(PC-12xx~14xx) qthsh Tanh-Sinh quadrature

[robve]

(04-08-2021 04:27 PM)Albert Chan Wrote:  

(04-08-2021 01:32 PM)robve Wrote:  Using exp(t) in the inner loop instead of the strength-reduced expt recurrence should be the most accurate. Try it.

I did. It make no difference.

That's really nice. I was stating this more in "theory" that it would be most accurate, but practically makes no difference, which is really nice. On the SHARP Pocket Computers it makes a difference only because variables hold 10 digits whereas expressions are evaluated with 12 digit precision. So using EXP is a tiny bit better than repeated multiplication with a variable, e.g. we get the integral 2.0 exactly instead of 1.999999998.

(04-08-2021 04:27 PM)Albert Chan Wrote:  Same conclusion when I compared strength-reduced exp vs supposed more accurate expm1.
I even tried "improved u", when t get closer to 1. Again, no difference.

u = exp(1/t - t) = exp((1-t)*(1+1/t))

Think of this as Newton's method.
Once starting to converge, every iteration doubled accuracy.
In other words, correction term only required half precision. (guess had the other half)

Same with quadrature, required precision keep reducing.
Inaccuracy of strength-reduced expt does not contribute to the sum.

I didn't think about it that way. That is a nice way to confirm.

I would also like to confirm that removing if (r == 0 || r == 1) break; makes no difference with all integrals tested.
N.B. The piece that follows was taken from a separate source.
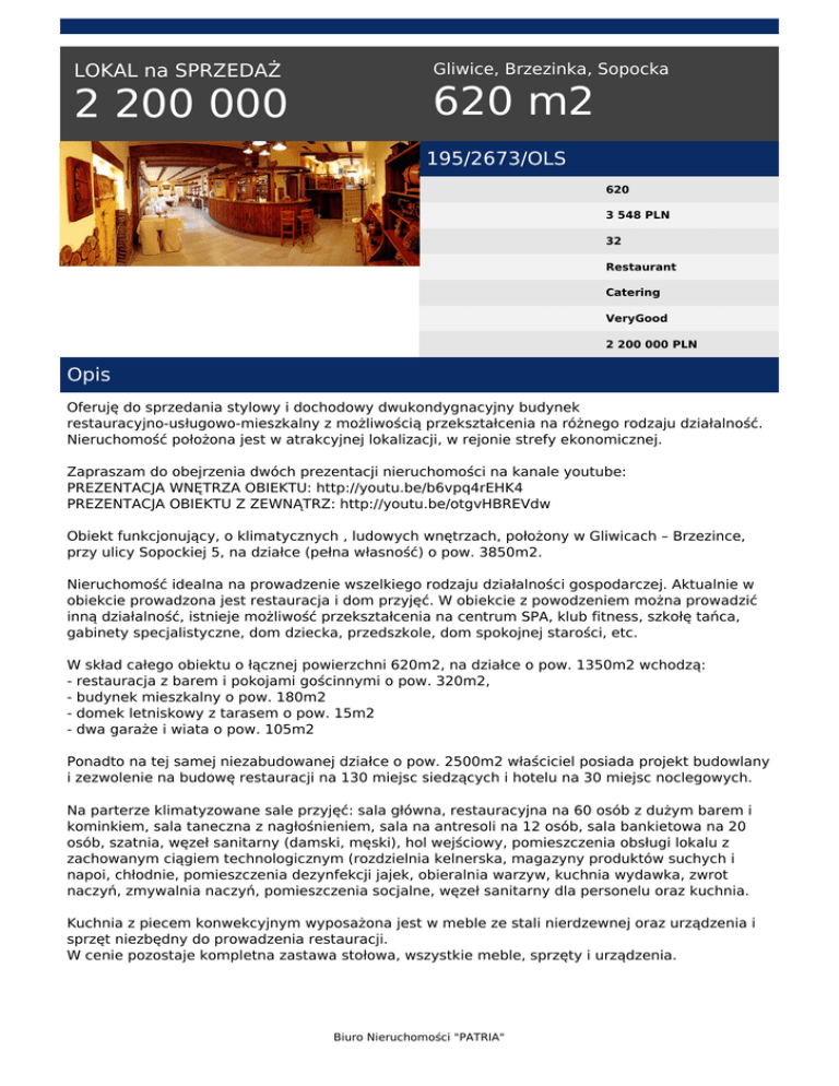 LOKAL na SPRZEDAŻ 2 200 000 Gliwice, Brzezinka, Sopocka 620 m2 195/2673/OLS 620 3 548 PLN 32 Restaurant Catering VeryGood 2 200 000 PLN Opis Oferuję do sprzedania stylowy i dochodowy dwukondygnacyjny budynek restauracyjno-usługowo-mieszkalny z możliwością przekształcenia na różnego rodzaju działalność. Nieruchomość położona jest w atrakcyjnej lokalizacji, w rejonie strefy ekonomicznej. Zapraszam do obejrzenia dwóch prezentacji nieruchomości na kanale youtube: PREZENTACJA WNĘTRZA OBIEKTU: http://youtu.be/b6vpq4rEHK4 PREZENTACJA OBIEKTU Z ZEWNĄTRZ: http://youtu.be/otgvHBREVdw Obiekt funkcjonujący, o klimatycznych , ludowych wnętrzach, położony w Gliwicach – Brzezince, przy ulicy Sopockiej 5, na działce (pełna własność) o pow. 3850m2. Nieruchomość idealna na prowadzenie wszelkiego rodzaju działalności gospodarczej. Aktualnie w obiekcie prowadzona jest restauracja i dom przyjęć. W obiekcie z powodzeniem można prowadzić inną działalność, istnieje możliwość przekształcenia na centrum SPA, klub fitness, szkołę tańca, gabinety specjalistyczne, dom dziecka, przedszkole, dom spokojnej starości, etc. W skład całego obiektu o łącznej powierzchni 620m2, na działce o pow. 1350m2 wchodzą: - restauracja z barem i pokojami gościnnymi o pow. 320m2, - budynek mieszkalny o pow. 180m2 - domek letniskowy z tarasem o pow. 15m2 - dwa garaże i wiata o pow. 105m2 Ponadto na tej samej niezabudowanej działce o pow. 2500m2 właściciel posiada projekt budowlany i zezwolenie na budowę restauracji na 130 miejsc siedzących i hotelu na 30 miejsc noclegowych. Na parterze klimatyzowane sale przyjęć: sala główna, restauracyjna na 60 osób z dużym barem i kominkiem, sala taneczna z nagłośnieniem, sala na antresoli na 12 osób, sala bankietowa na 20 osób, szatnia, węzeł sanitarny (damski, męski), hol wejściowy, pomieszczenia obsługi lokalu z zachowanym ciągiem technologicznym (rozdzielnia kelnerska, magazyny produktów suchych i napoi, chłodnie, pomieszczenia dezynfekcji jajek, obieralnia warzyw, kuchnia wydawka, zwrot naczyń, zmywalnia naczyń, pomieszczenia socjalne, węzeł sanitarny dla personelu oraz kuchnia. Kuchnia z piecem konwekcyjnym wyposażona jest w meble ze stali nierdzewnej oraz urządzenia i sprzęt niezbędny do prowadzenia restauracji. W cenie pozostaje kompletna zastawa stołowa, wszystkie meble, sprzęty i urządzenia. Biuro Nieruchomości "PATRIA" Lokal posiada niepowtarzalny, klimatyczny wystrój wnętrz, w którym dominują motywy ludowe, a sama restauracja słynie z domowej atmosfery i jedzenia. W stylowych wnętrzach organizowane są imprezy okolicznościowe typu wesela, komunie, szkolenia, imprezy firmowe, urodzinowe, konferencje, studniówki, zabawy sylwestrowe, andrzejkowe, jubileusze, catering, etc. Dodatkowo na parterze ogródek piwny z parasolami. Na piętrze dwa wyposażone pokoje gościnne z łazienkami. Z tyłu obiektu domek letniskowy z tarasem. Z obiektem połączony jest przejściem od strony zaplecza kuchennego piętrowy dom mieszkalny o pow. użytkowej 180m2. Na parterze: wiatrołap, sauna, prysznic z wc, hol, kuchnia, duży salon Na piętrze: 3 pokoje, łazienka Media: woda, prąd, siła, kanalizacja. Cały obiekt z budynkiem mieszkalnym ogrzewany piecem węglowym, w restauracji dodatkowo kominek. Teren nieruchomości w całości ogrodzony krzewami bukszpanu i tujami (od frontu ogrodzenie metalowe kute), oświetlony, bardzo ładnie zagospodarowany, miejsce na grilla, plac zabaw dla dzieci, oczko wodne. Zadbany ogród z mnóstwem niezwykłych roślin i drzew owocowych. Na terenie obiektu duży parking na 20 samochodów. Lokal posiada zamówienia na imprezy okolicznościowe do końca 2017 oraz na 2018 i 2019r. Serdecznie polecam i zapraszam do obejrzenia i nabycia nieruchomości – bardzo blisko (6km) od centrum miasta. Nieruchomość w bardzo dobrym stanie technicznym, idealna na prowadzenie wszelkiego rodzaju działalności gospodarczej. Bardzo dobra lokalizacja, blisko DK88 (droga łącząca wszystkie miasta aglomeracji śląskiej), w niedalekiej odległości węzeł Sośnica , który jest bardzo ważnym strategicznym miejscem ruchu transportowego, gdzie krzyżują się A1 z A4. Bliskie położenie nieruchomości w pobliżu strefy przemysłowej (dużo firm transportowych) umożliwia zaopatrywanie w catering pobliskie firmy. Nieruchomość zlokalizowana jest w sąsiedztwie apteki, niedaleko przychodnia, przedszkole, szkoła, gimnazjum, biblioteka, poczta, kościół, sklep spożywczy. Oferujemy dogodne warunki kredytowe przy zakupie nieruchomości i pomagamy w załatwieniu formalności związanych z uzyskaniem kredytu hipotecznego, firmowego i inwestycyjnego. Agent nieruchomości zainteresowany tą ofertą dla swojego klienta proszony jest o kontakt. Chętnie uzgodnimy warunki współpracy z RE/MAX przy sprzedaży. CAŁOŚĆ KOSZTÓW POŚREDNICTWA POKRYWA WŁAŚCICIEL NIERUCHOMOŚCI – KUPUJĄCY NIE PŁACI WYNAGRODZENIA AGENCJI. Dodatkowe 65 zdjęć, filmy i plan nieruchomości na stronach: www.remax-gold.pl lub www.remax-polska.pl/marta_kulawik Nr licencji zawodowej 11919 Agent prowadzący: Marta Kulawik Biuro Nieruchomości "PATRIA" Tel.: +48 665 167 906 e-mail: [email protected] www.remax-gold.pl http://www.remax-polska.pl/marta_kulawik RE/MAX Gold ul. Kopernika 26 40-064 Katowice Tel.: +48 32 776 01 70 e-mail: [email protected] www.remax-gold.pl www.remax-polska.pl/gold Biuro Nieruchomości "PATRIA" tel. 91 4886426, 91 4886427, 507 124 122 email: [email protected] Biuro Nieruchomości "PATRIA" Powered by TCPDF (www.tcpdf.org)

Logically the loop terminates before these conditions are met. This check is redundant and can be removed as you observed correctly.

One thing I am still curious about is reusing or setting fp and fm to zero. I will look into the decaying factor idea. Perhaps there is also a difference between Inf and NaN, because with Inf the limit is clearly not finite and with NaN we don't necessarily know, but reusing in that case makes sense, I think. But I may be wrong if it makes no difference. I just don't know yet.

- Rob